Chang's love for the microwave is well-documented, from countless video recipes to his 2021 cookbook called "Cooking at Home: Or, How I Learned to Stop Worrying About Recipes (And Love My Microwave)." Somewhere along the way, professional kitchens and home cooks alike decided the microwave was too "low-brow" to be respected. But as Chang points out, it's one of the most efficient, precise, and versatile appliances we own. "The microwave is a machine from the future," he's proclaimed online.

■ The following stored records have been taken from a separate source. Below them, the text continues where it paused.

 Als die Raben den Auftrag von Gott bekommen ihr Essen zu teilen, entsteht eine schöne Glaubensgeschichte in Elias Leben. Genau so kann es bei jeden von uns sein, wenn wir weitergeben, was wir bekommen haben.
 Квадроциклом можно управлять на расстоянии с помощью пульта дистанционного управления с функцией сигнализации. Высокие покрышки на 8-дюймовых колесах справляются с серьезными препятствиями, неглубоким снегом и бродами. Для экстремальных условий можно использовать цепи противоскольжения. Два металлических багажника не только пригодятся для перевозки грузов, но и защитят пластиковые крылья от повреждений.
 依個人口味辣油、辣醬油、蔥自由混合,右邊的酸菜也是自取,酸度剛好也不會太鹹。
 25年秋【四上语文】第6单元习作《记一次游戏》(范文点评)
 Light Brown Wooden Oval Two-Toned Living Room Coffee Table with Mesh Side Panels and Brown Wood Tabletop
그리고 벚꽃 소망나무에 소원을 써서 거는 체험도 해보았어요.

Of course, we don't need another celebrity chef telling us what's cool or what's over. And Chang isn't evangelizing microwaves simply out of the kindness of his own heart. He's also backing a new line of microwave-specific cookware called Anyday, made out of borosilicate glass with vented glass-lids. After all, if you're going to cook entire meals in the microwave, there's many tips every home cook should know, and one of them is never using plastic.

The microwave isn't a lazy shortcut

If you're still not convinced, here's a few real-life examples: Microwaving vegetables is actually great. It doesn't just reheat them, it actually steams them in their own moisture, preserving flavor and nutrients better than boiling them into oblivion. A plate of perfectly tender broccoli or green beans takes only minutes — no pot of boiling water required. 

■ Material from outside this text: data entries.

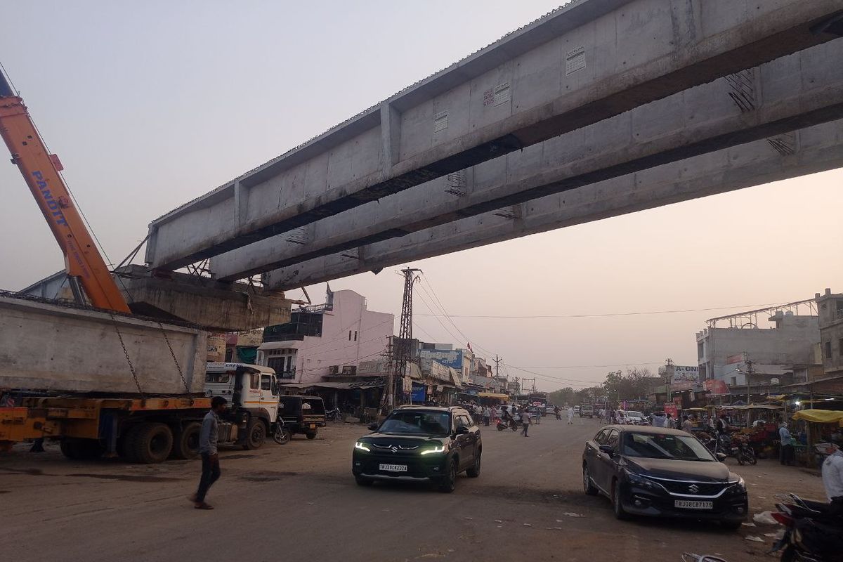 केशवरायपाटन. सहकारी चीनी मिल चौराहे पर क्रेनो से ओवरब्रिज पर स्लीपर डालते हुए।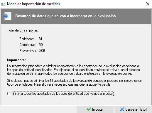 Independientemente de si decide eliminar todos los tipos de entidad o no, tenga en cuenta que siempre se eliminará la información actual de la entidad que se importará en la Evaluación de Seguridad existente antes de cargar el archivo. Es decir, si importa un excel con Puestos de trabajo (entidad) se eliminarán todos los Puestos que contenga la Evaluación antes de la importación.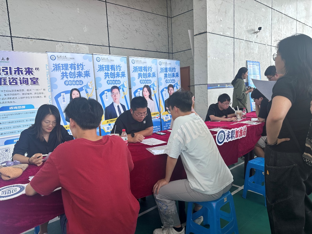 本次招聘会现场同步设立了“求职加油站”,邀请浙江零跑科技股份有限公司招聘总监李继平,恒生电子华东区域校招负责人张丁辰宇,浙江华云信息科技有限公司人力资源管理总部校招经理章蓉蓉,浙江理工大学招生与就业指导处副处长王惠燕,针对同学们的求职需求,为学生们提供了专业的简历优化与科学的职业规划辅导服务。这不仅让同学们以更完备的准备、更沉稳的心态面对面试与招聘,更深化了大家对行业发展大势和就业市场的认知,全力帮助同学们尽快斩获理想offer。
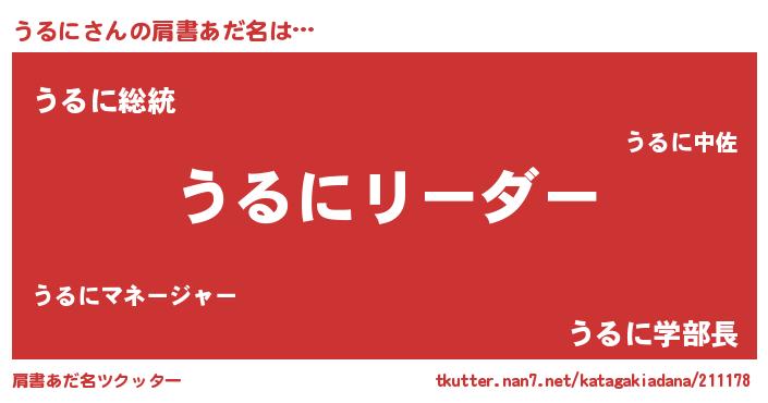 | 意味不明あだ名 | 『とにかく怪しいうるに』『自称うるに』 |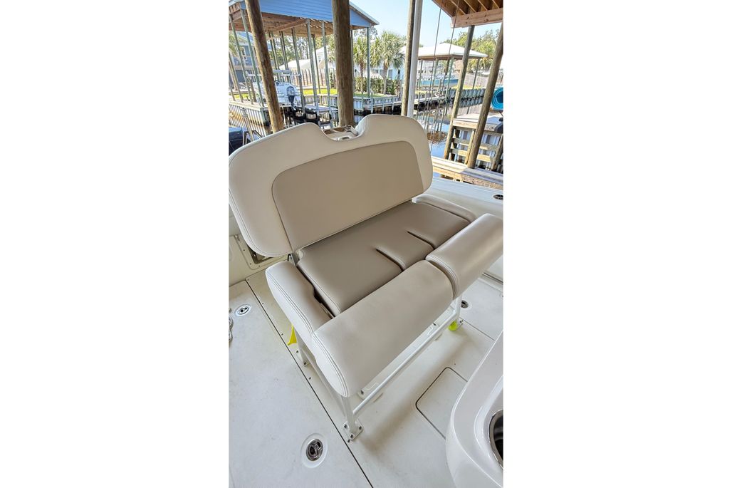 - Fold-out stern seat with backrest bolster provides additional comfort for all your crew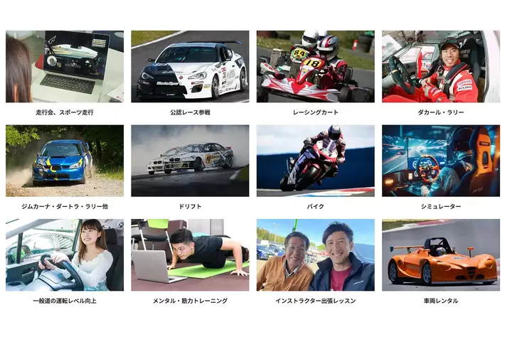 走行会、公認レース、レーシングカート、ダカール・ラリー、ジムカーナ・ダートラ・ラリー等各種スピード競技、バイク(オン/オフロード)、ドリフト、シミュレーター、一般道の運転レベル向上、メンタル及び筋力トレーニング(競技者向け)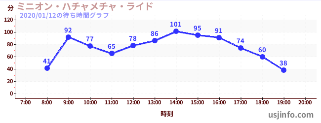 • ミニオン・ハチャメチャ・ライド$B$N(B2020年01月12日の待ち時間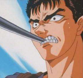 - Quoted almost word for word by Guts in Berserk, when he uses his teeth to catch the tip of Griffith's sword, seen in the page image. It's a tactic he makes use of quite often in fact.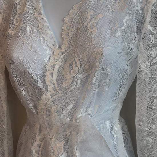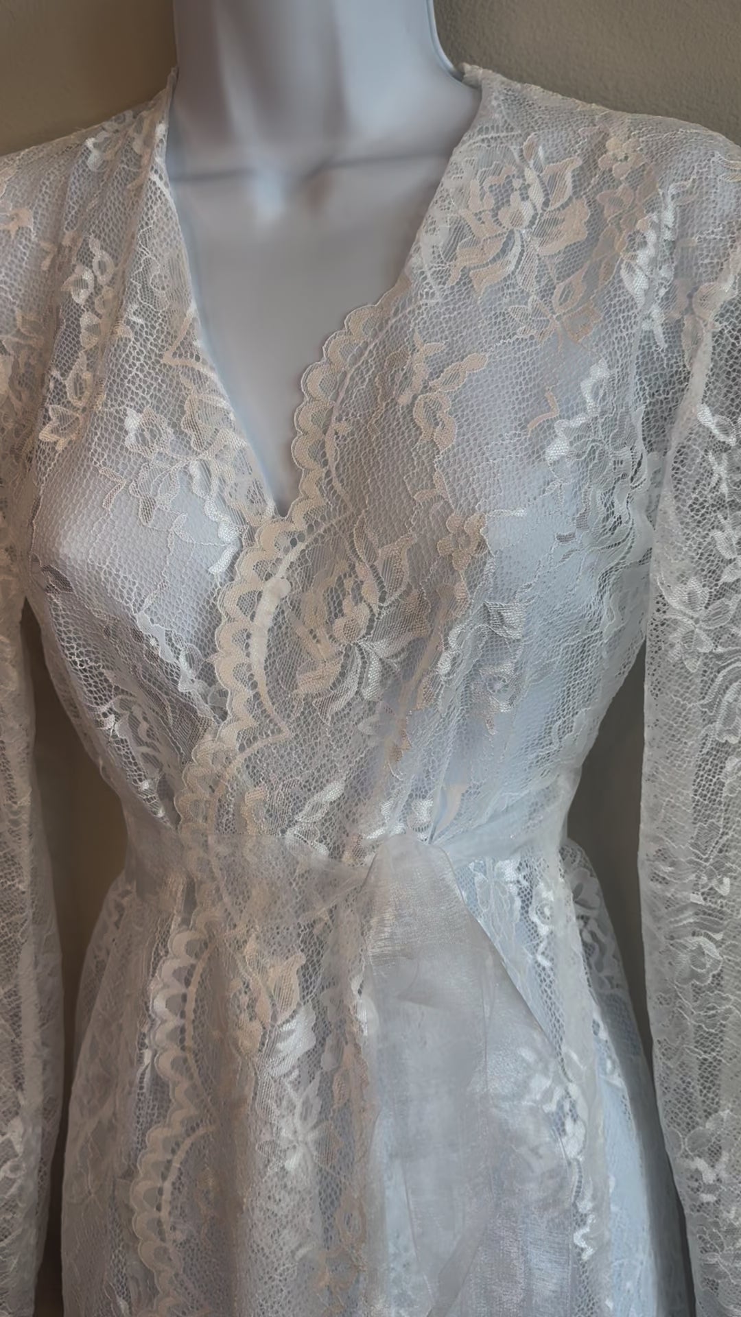 The front closure is designed to make a pretty v scalloped neckline. The butterfly sleeves are full length with scalloped trim that match the baby scalloped hemline.

The same goes for fish. Chang has demonstrated how a fillet gently steamed in the microwave stays moist, delicate, and evenly cooked. This is as foolproof as it gets. And then there's rice. Chang swears by microwaving rice, something even the best stovetop cook can struggle with. Pop the dried rice and water in a bowl, press a few buttons, and you'll get fluffy, tender grains in less than 20 minutes. He even embraces microwave tricks like steaming garlic or ginger for sauces, or softening aromatics before finishing them in a pan.

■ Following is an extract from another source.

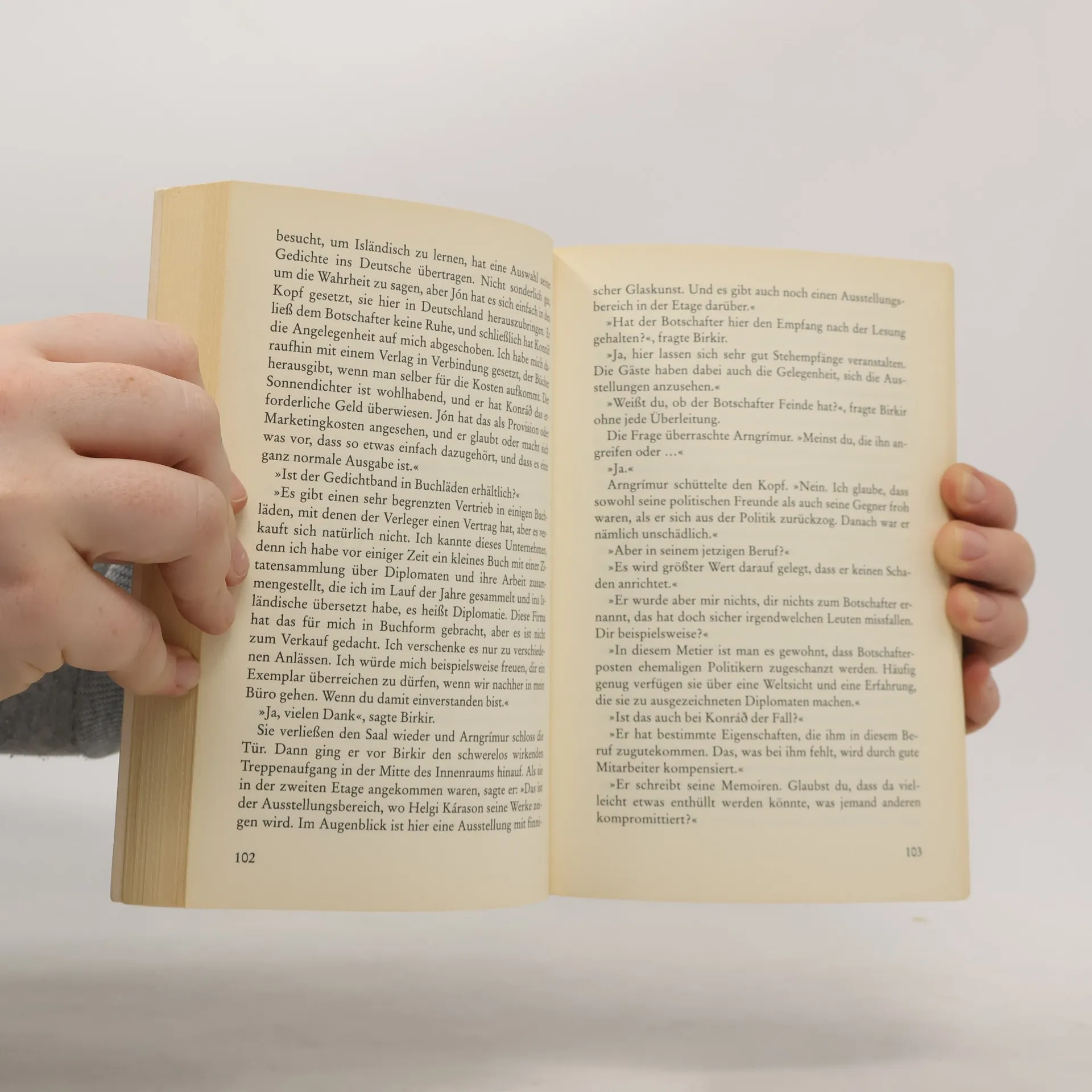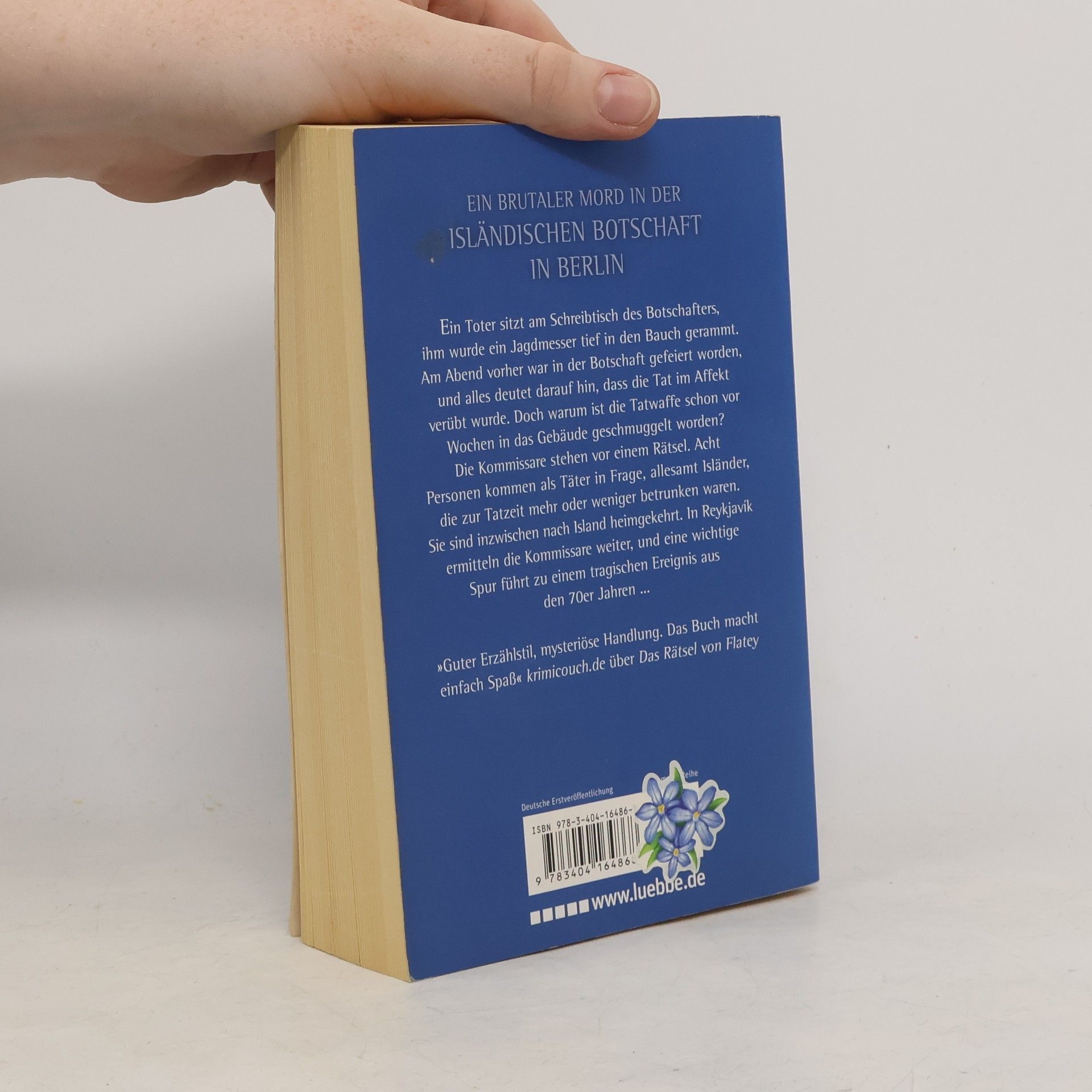 Ein Toter sitzt am Schreibtisch des Botschafters, ihm wurde ein Jagdmesser tief in den Bauch gerammt. Am Abend vorher war in der Botschaft gefeiert worden, und alles deutet darauf hin, dass die Tat im Affekt verübt wurde. Doch warum ist die Tatwaffe schon vor Wochen in das Gebäude geschmuggelt worden? Die Kommissare stehen vor einem Rätsel. Acht Personen kommen als Täter in Frage, allesamt Isländer, die zur Tatzeit mehr oder weniger betrunken waren. Sie sind inzwischen nach Island heimgekehrt. In Reykjavík ermitteln die Kommissare weiter, und eine wichtige Spur führt zu einem tragischen Ereignis aus den 70er Jahren.

In the end, Chang's microwave advocacy isn't about tearing down tradition; it's about broadening our definition of what counts as real cooking. While other chefs might roll their eyes at the piiiing of a timer, Chang hears possibility. His point is simple: If a tool makes food taste better and life easier, why should we dismiss it? The microwave isn't a lazy shortcut, it's actually a modern alternative to the stovetop that tastes just as good in half the time.